Nobel laureate’s party captures two-thirds majority – enough seats to choose the country’s next president.
by Al JazeeraYangon: Nobel laureate Aung San Suu Kyi’s opposition party won a majority in parliament on Friday in the Southeast Asian nation’s historic election.
With votes still being counted, the Union Election Commission said the National League for Democracy (NLD) party had crossed the 329 threshold of seats needed for an outright majority in both houses of the 664-member parliament.
The country’s first free election in 25 years took place on Sunday.
“The people of Myanmar have been dutiful and it is time for the NLD to try to fulfill the wishes of the people,” senior party official U Tin Oo told Al Jazera outside of its headquarters. “The NLD has to try hard to change.”
Phil Robertson from New York-based Human Rights Watch said it was time to move on from the country’s bloody past.
“Obviously the people of Burma have had their voices heard,” Robertson told Al Jazeera. “I think it’s important we know who has won this election, and now the very hard work of moving beyond the human rights abuses of the government comes into play.”
NLD captured 21 lower house seats on Friday, the election commission said, taking its total to 348 seats with 82.9 percent of the vote now confirmed.
The ruling Union Solidarity and Development Party has won 140 seats so far.
The party holding a majority is able to select the next president, who can then name a cabinet and form a new government.

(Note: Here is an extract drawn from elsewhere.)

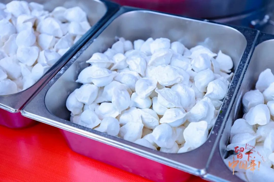 老师和学生一起包饺子,煮饺子

Friday’s majority announcement came exactly five years to the day when Suu Kyi was freed from house arrest. Al Jazeera’s correspondent Wayne Hay was there.

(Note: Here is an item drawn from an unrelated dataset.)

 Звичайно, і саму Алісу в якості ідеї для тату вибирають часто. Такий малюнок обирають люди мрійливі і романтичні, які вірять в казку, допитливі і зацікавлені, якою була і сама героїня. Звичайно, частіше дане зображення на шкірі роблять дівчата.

“I had to sneak into the country to cover the 2010 election,” recalled Hay. “On this exact day five years ago, we were here outside the home of the NLD’s leader Aung San Suu Kyi as she was released from her last period of house arrest.”
The Nobel Peace Prize laureate is barred from taking the presidency because she’s married to a foreigner under a constitution written by the then-ruling generals to preserve their power.
But Suu Kyi has said that may change once her party is in power.
On Thursday, the country’s powerful military rulers – who have dominated Myanmar’s politics for decades – congratulated Suu Kyi on her electoral win and pledged a peaceful transfer of power.
While election observers have said the vote was for the most part free and fair, some people from minority communities – in particular the Muslim Rohingya – were denied the right to vote and others were disqualified as candidates.
Myanmar’s government has denied the Rohingya citizenship. Hundreds died in clashes between Rohingya and Buddhists, the religious majority in the country, in 2012.
About 140,000 Rohingya live in squalid camps while thousands more have fled by boat, leading to a regional migration crisis.
While campaigning, Suu Kyi addressed allegations of “genocide” targeting the Muslim Rohingya saying “it is very important” not to “exaggerate the problems” in Myanmar.
“I promise everybody who is living in this country proper protection in accordance with the law, and in accordance with the norms of human rights,” she said.